Indeed, funding pay-to-work schemes is now big business. Led by Chinatrust, Taiwan's largest private lender, several banks have begun extending credit to migrants at 19 percent annual interest. That's about what they would pay for credit cards, but labor
activists have attacked these loans as financial support for the exorbitant broker fees. A Chinatrust spokesperson says the loans are not only "fair and transparent" but also prevent workers from relying on "loan sharks in rural areas" who would charge much higher rates.

The article is long, detailed, interesting, and infuriating..... The failure of the DPP to implement more progressive labor policies here is just one of many examples of its general failure to embrace progressive policies across a range of issues...

Finally, a Japanese diplomat in the Online Japan Times muses on what KMT control of the executive and legislature might mean...

Previously, I had been apprehensive concerning the future of Taiwan's freedom and democracy. Democracy cannot be realized unless both the governing and opposition parties have a common vision concerning the ground rules for maintaining a democratic system.

Democratically electing a Nazi-like party that has a totalitarian view of the state means choosing to end democracy through democratic means. In Taiwan's case, as well, electing a government that consents to the one country, two systems arrangement means the end of freedom and democracy. Even though 10 years have passed in Hong Kong, a popular election has yet to be held. But that really is a trivial issue. The problem is that Hong Kong will enjoy freedom only for a duration of 40 more years. Whether the time that freedom is assured is 50 years or 100 years, it is still a promise to throw away the freedom of one's grandchildren.

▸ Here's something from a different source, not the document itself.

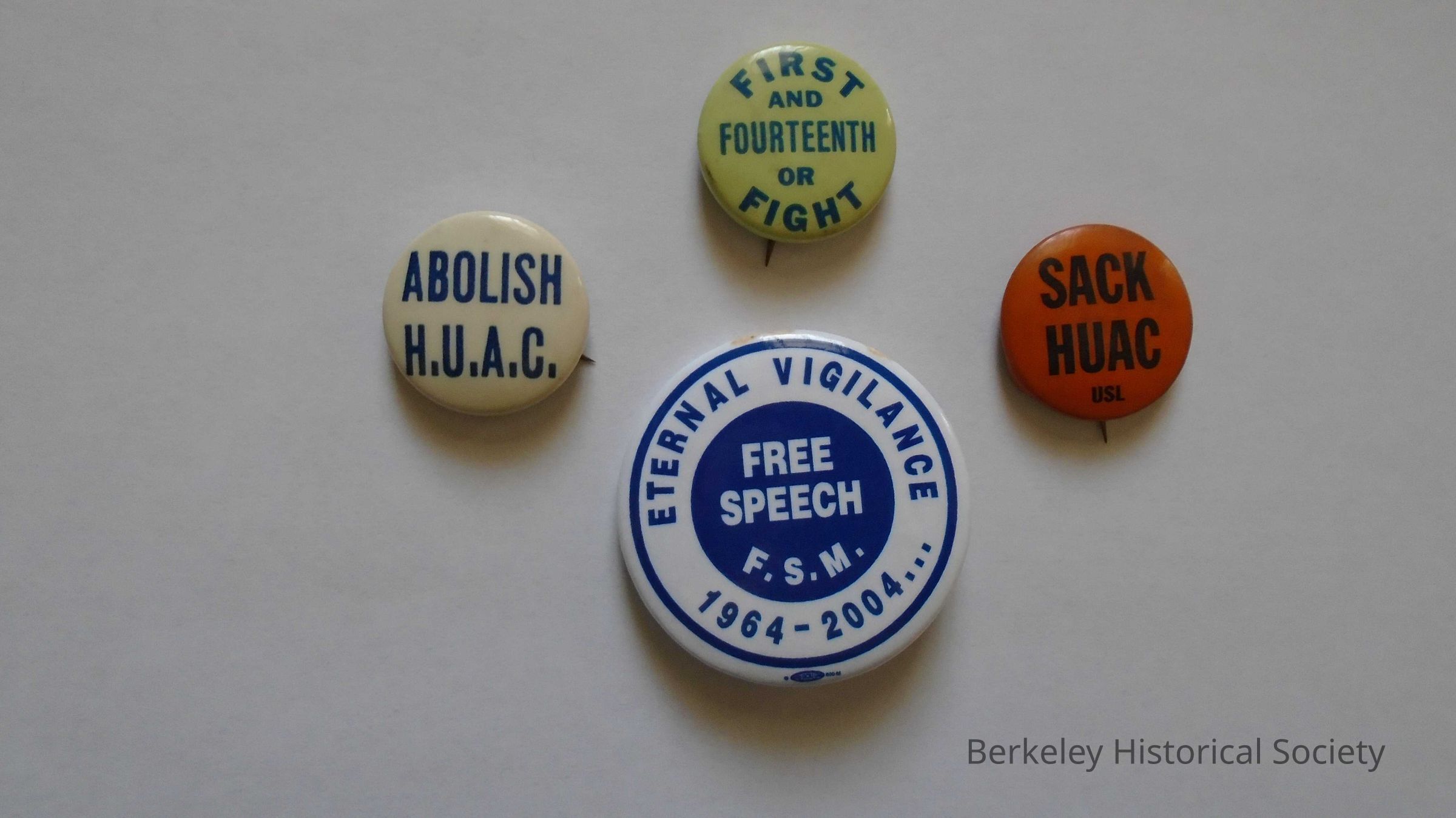 Round paper and metal political button "SACK HUAC usl" in orange and black.
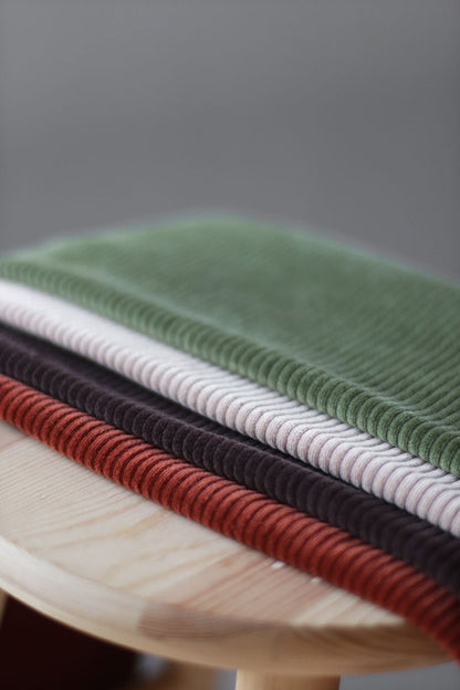 This 100% Organic Cotton corduroy velour is made with combed cotton yarns to ensure the perfect soft feel for cosy sweaters, joggers and even knit dresses.

I was concerned about a similar situation developing in Taiwan. Chinese President Hu Jintao made a proposal for peace talks with Taiwan. Whether such talks materialize through peaceful means (though inevitably under military and economic threat) or by the direct use of forces, Taiwan will eventually lose its freedom if, under such pressure, the president accepts the one country, two system solution. And I thought that a KMT president would be more prone to accept such compromise, and that a DPP government was a safer choice until that possibility completely disappeared. If the possibility of Taiwan accepting a one country, two system solution completely disappeared, I would not be concerned about Taiwan's future even if a change of government took place as a result of its democratic setup. The results of the latest presidential and legislature elections gives me hope that perhaps Taiwan might have already reached this stage.


Monday, April 23, 2007

Asia's Glass Houses

Asia observer Phil Deans, formerly of SOAS at London University, discusses Asia's glass houses in Newsweek. For those us who have noticed the irony of the CCP or the KMT complaining about Japanese murders, the article's theme will be a familiar one:
These attempts, and Prime Minister Shinzo Abe's prevarications on the comfort-women question, have understandably made Japan's neighbors nervous. But few of Tokyo's Asian critics have impeccable records themselves. The governments of China, both Koreas and, to a lesser extent, Taiwan have all glossed over the dark blots on their own histories.

Of Taiwan, he notes:

Of all Japan's neighbors, Taiwan has been the most open in confronting its past, though even there history has been politicized. When martial law was lifted in 1987, there was an explosion of efforts to address the abuses of early Kuomintang rule, especially the "2/28 Incident" of 1947, when up to 20,000 people were killed in intercommunal violence and in a subsequent crackdown by Gen. Chiang Kai-shek. As part of the democratization process that began 20 years ago, the brutalities of the martial-law period have been widely and publicly debated. Yet many pro-independence Taiwanese have begun to challenge the anti-Japanese history promulgated by the KMT and deny Japanese atrocities such as the forced conscription of prostitutes.
Do "many pro-independence Taiwanese" deny Japanese atrocities? There are no doubt revisionists out there -- but a substantial portion of pro-independence types? I'd need some serious evidence for that, Professor Dean.